=== Problem statement ===
Among the lines below, tally those that hold "total". Return the number and nothing more.

=== Data records ===

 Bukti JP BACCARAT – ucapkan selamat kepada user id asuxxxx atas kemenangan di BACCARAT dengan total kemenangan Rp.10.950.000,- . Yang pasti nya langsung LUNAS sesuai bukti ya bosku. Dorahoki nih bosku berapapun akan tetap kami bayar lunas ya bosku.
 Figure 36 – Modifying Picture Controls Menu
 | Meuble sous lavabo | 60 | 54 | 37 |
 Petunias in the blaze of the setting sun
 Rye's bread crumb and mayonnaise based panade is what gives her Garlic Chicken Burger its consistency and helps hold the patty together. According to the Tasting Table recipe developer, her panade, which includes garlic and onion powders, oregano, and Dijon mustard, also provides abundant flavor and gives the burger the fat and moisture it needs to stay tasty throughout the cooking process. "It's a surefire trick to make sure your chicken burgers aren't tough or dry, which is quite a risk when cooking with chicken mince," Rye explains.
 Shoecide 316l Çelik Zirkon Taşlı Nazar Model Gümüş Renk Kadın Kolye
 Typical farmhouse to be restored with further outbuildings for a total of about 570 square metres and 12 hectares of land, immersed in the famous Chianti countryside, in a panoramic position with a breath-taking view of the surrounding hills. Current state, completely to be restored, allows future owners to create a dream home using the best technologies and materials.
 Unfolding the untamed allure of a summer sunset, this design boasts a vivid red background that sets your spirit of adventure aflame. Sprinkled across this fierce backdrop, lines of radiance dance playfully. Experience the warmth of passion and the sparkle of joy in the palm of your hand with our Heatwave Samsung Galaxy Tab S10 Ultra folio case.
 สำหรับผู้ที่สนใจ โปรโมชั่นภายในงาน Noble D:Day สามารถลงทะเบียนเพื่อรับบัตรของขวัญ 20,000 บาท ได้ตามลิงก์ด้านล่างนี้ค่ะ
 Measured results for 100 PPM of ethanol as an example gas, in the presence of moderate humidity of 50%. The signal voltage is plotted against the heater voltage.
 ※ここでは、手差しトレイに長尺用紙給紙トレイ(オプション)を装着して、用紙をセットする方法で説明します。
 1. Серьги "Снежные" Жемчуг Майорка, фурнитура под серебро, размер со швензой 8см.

=== Result ===
2